The purchase price is another condition that must be in the agreement. Significantly, the purchaser can acquire the title to the premises only after the developer has completed the state registration for this title. Should the developer fail to transfer the premises to the purchaser's possession, the latter can ask a court to establish its title to the premises.
For such a claim to be successful in court, however, a number of conditions must be met. The shopping center must have been fully constructed and put into operation; the premises must be in the actual possession of the developer or the purchaser; and the developer's ownership title must be registered in what's called the Unified State Register of Rights to Immovable Property and Transactions Therewith. If any of these conditions have not been satisfied, the purchaser's claim will be rejected.
Bear in mind that the purchasing party named in the sale and purchase agreement for future real estate is not entitled to force the developer to build.
As a result, if the developer fails to perform its obligations to build the mall and transfer the premises to the purchaser's ownership, then the purchaser is entitled to reimbursement for the amount paid to the developer. That buyer also has the right to receive interest (at the Central Bank refinancing rate) on its money for the entire period that the developer held the money. And the buyer has the right to receive compensation for its losses, including the difference between the purchase price set forth in the agreement and market price.
Because the buyer might find it difficult to collect — for example, a developer could be insolvent — we recommend the following methods for mitigating risk. First, the purchaser should carry out financial due diligence on the developer. Second, the developer should provide the purchaser with a third-party or bank guarantee equal to the purchase price. Third, the developer should provide the purchaser with a security based on assets belonging to the developer, or to third parties.
Should the developer lease out the premises in the mall, then signing a preliminary lease agreement is the next step. Similar to other real estate documents, it should give characteristics allowing the leased premises to be identified, copying the main characteristics from the design documentation for the construction. Also, the preliminary lease should give the lease payment amount.
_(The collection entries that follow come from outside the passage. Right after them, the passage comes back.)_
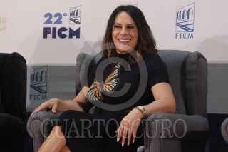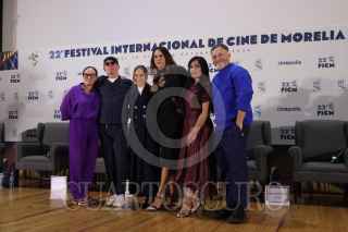 MORELIA, MICHOACÁN, 18OCTUBRE2024. Virginie Montel; Daniela Michel, directora del FICM; Jacques Audiard, director de Emilia Pérez; Karla Sofía Gascón, actriz; Adriana Paz, actriz y Damien Jalet, coreógrafo durante la conferencia de prensa de la película “Emilia Pérez” actividad con la que da inicio el 22° Festival Internacional de Cine de Morelia. FOTO: EDGAR NEGRETE LIRA/CUARTOSCURO.COM
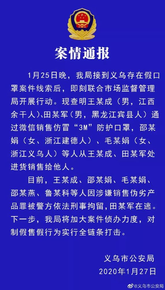 1月27日下午,浙江省义乌市公安局官方微博发布警情通报:
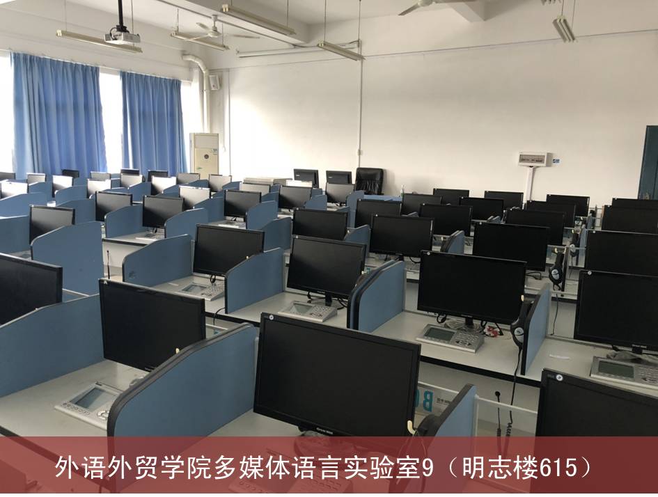 位于桂林航天工业学院北校区明志楼615教室,设备总值约19万元,占地面积90m2,建于2013年8月,实验室采用构架是蓝鸽LBD2000+型语言实验系统,此实验室适合商务英语的专业语音训练和教学,满足对自主口语训练和口语考试的专业要求。该实验室可同时容纳58人进行学习及相关口语听力考试。
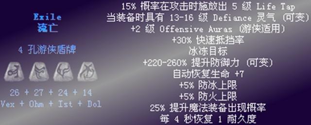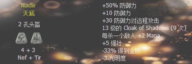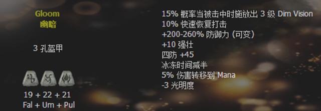 很多新手不知道,暗黑2里面的盔甲和盾牌分为轻、中、重三类,区别是对于人物跑步速度的影响,轻的不减少跑步速度,中的减少5%,重的减少10%(并加倍精力损耗)。一般来说,如果人物穿着轻甲,冰冻以后移动速度影响不是太大,重甲就影响十分严重,因此在给雇佣兵做符文之语的时候(要是没有无法冰冻属性的装备的话),尽量选轻甲,“执政官铠甲”是轻甲里面防御最高的,因此经常使用做符文之语。
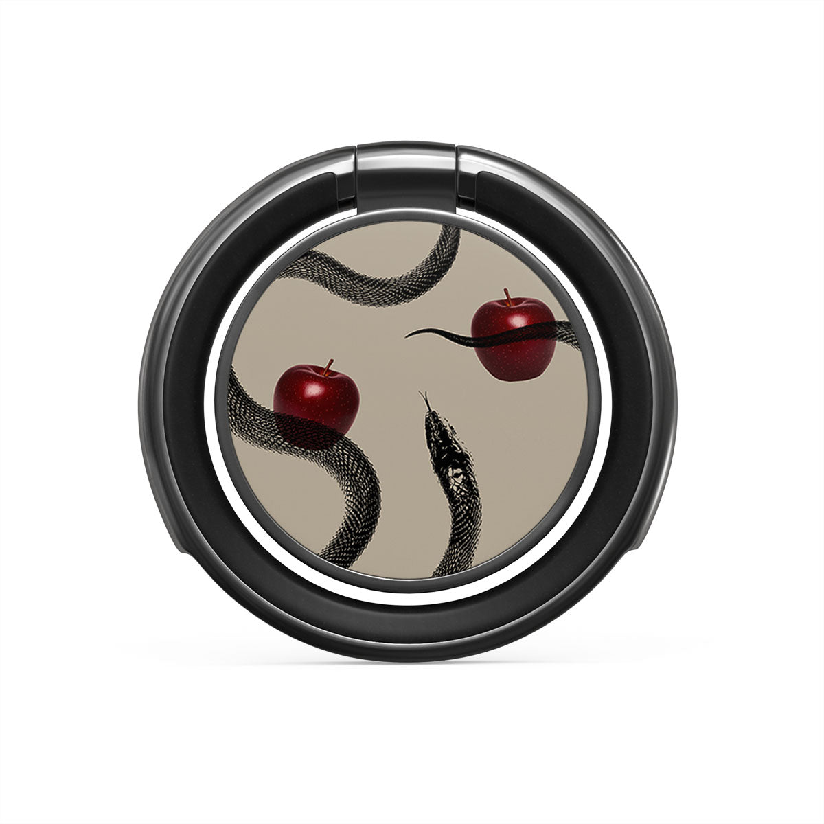 Ce design présente : des pommes rouges brillantes, des serpents enroulés, des tons beige.
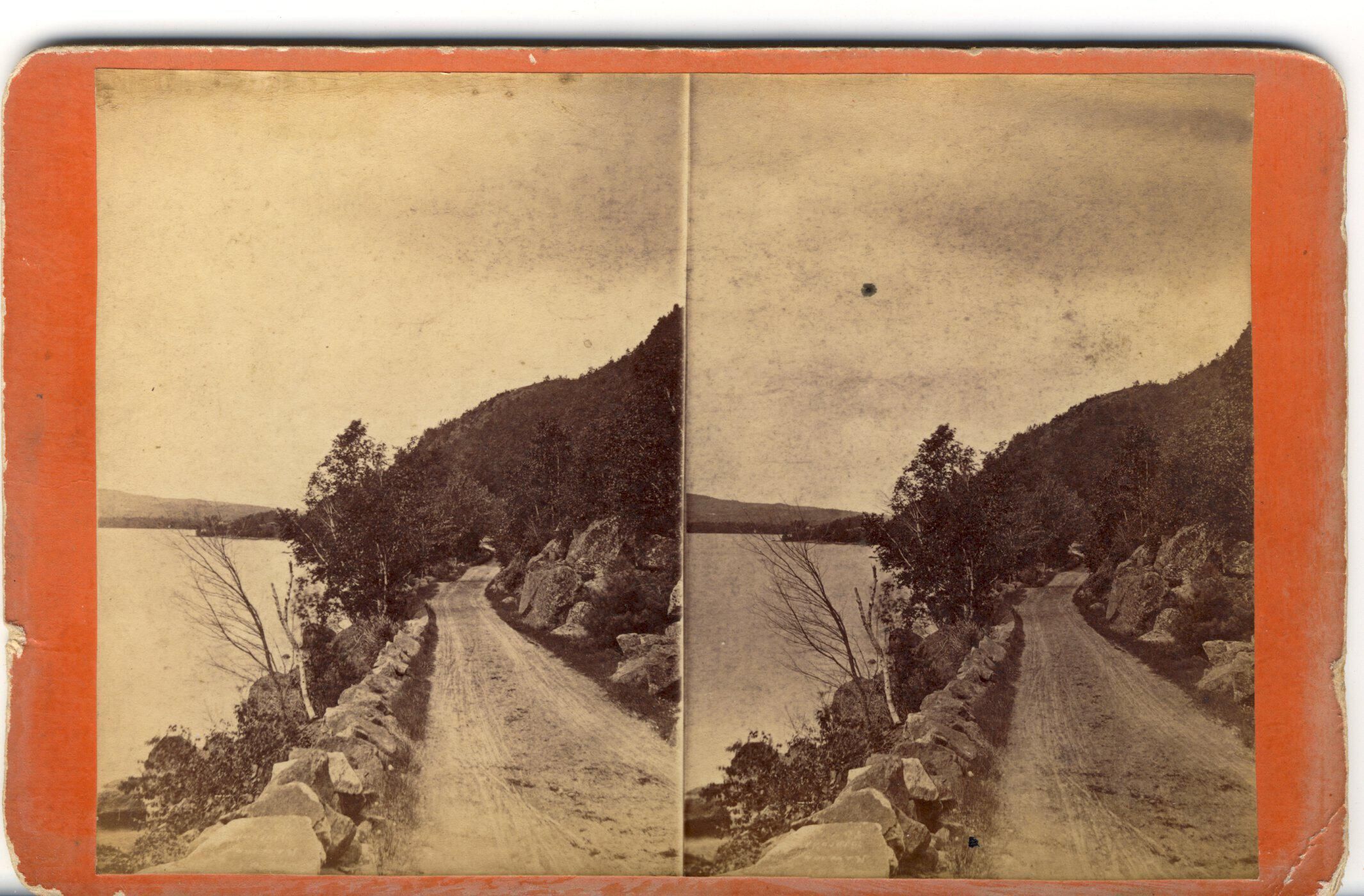 image looking north on Turnpike Drive. The road is dirt with large boulders separating the road from the lake edge. Image no. 206Collection

There are a couple of points to keep in mind when this preliminary lease agreement is signed.
In accordance with federal law, a preliminary lease must contain a timeframe for the principal contract to be signed. Should the parties fail to draw up such a timeframe in the agreement, there will be a default obligation to sign the principal contract within one year after the day on which the preliminary agreement was signed.
Therefore, if the preliminary lease does not stipulate a deadline for signing the principal contract, no party to that agreement is entitled to demand that the principal contract be signed once the one-year period has expired. And neither a short-term nor long-term lease agreement can be signed before the state registration of the landlord's ownership title to the premises.
Federal law and legal practice allow for plenty of opportunities when buying into construction-phase real estate. Risks should be fully assessed, though, if you pay for something without having it in hand.